Using the listing below, copy every line that mentions "北海道ニセコ高等学校".

## Data listing
* * * *

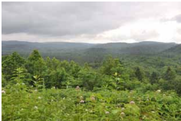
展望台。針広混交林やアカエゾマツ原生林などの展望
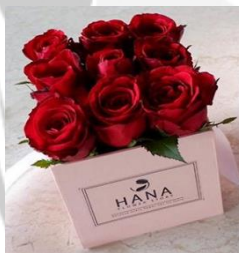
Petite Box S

* * * *

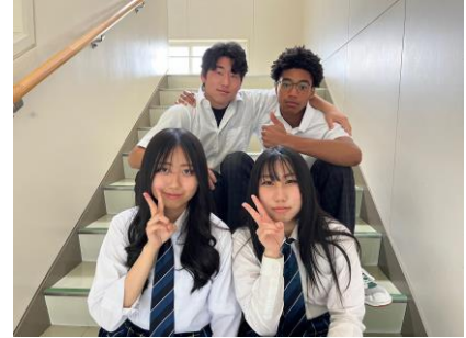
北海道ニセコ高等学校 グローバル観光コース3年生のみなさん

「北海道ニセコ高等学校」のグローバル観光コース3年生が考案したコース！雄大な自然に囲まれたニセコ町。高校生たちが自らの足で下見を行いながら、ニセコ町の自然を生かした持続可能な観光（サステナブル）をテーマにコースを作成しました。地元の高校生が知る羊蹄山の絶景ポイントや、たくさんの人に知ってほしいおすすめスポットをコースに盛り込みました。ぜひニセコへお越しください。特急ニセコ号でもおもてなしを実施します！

* * * *

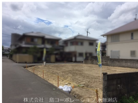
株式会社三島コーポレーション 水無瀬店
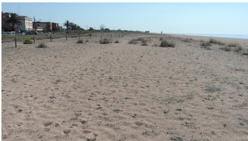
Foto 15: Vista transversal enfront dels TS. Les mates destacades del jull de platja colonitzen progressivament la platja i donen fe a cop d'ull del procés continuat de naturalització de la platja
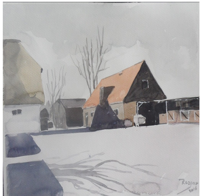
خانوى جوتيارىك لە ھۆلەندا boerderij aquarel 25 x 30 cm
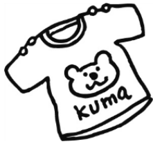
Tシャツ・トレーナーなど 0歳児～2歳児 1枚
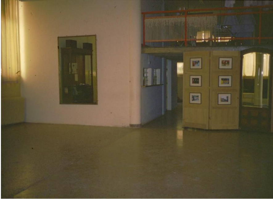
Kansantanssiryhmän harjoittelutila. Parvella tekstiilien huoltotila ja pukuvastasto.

* * * *

## Answer section
北海道ニセコ高等学校 グローバル観光コース3年生のみなさん
「北海道ニセコ高等学校」のグローバル観光コース3年生が考案したコース！雄大な自然に囲まれたニセコ町。高校生たちが自らの足で下見を行いながら、ニセコ町の自然を生かした持続可能な観光（サステナブル）をテーマにコースを作成しました。地元の高校生が知る羊蹄山の絶景ポイントや、たくさんの人に知ってほしいおすすめスポットをコースに盛り込みました。ぜひニセコへお越しください。特急ニセコ号でもおもてなしを実施します！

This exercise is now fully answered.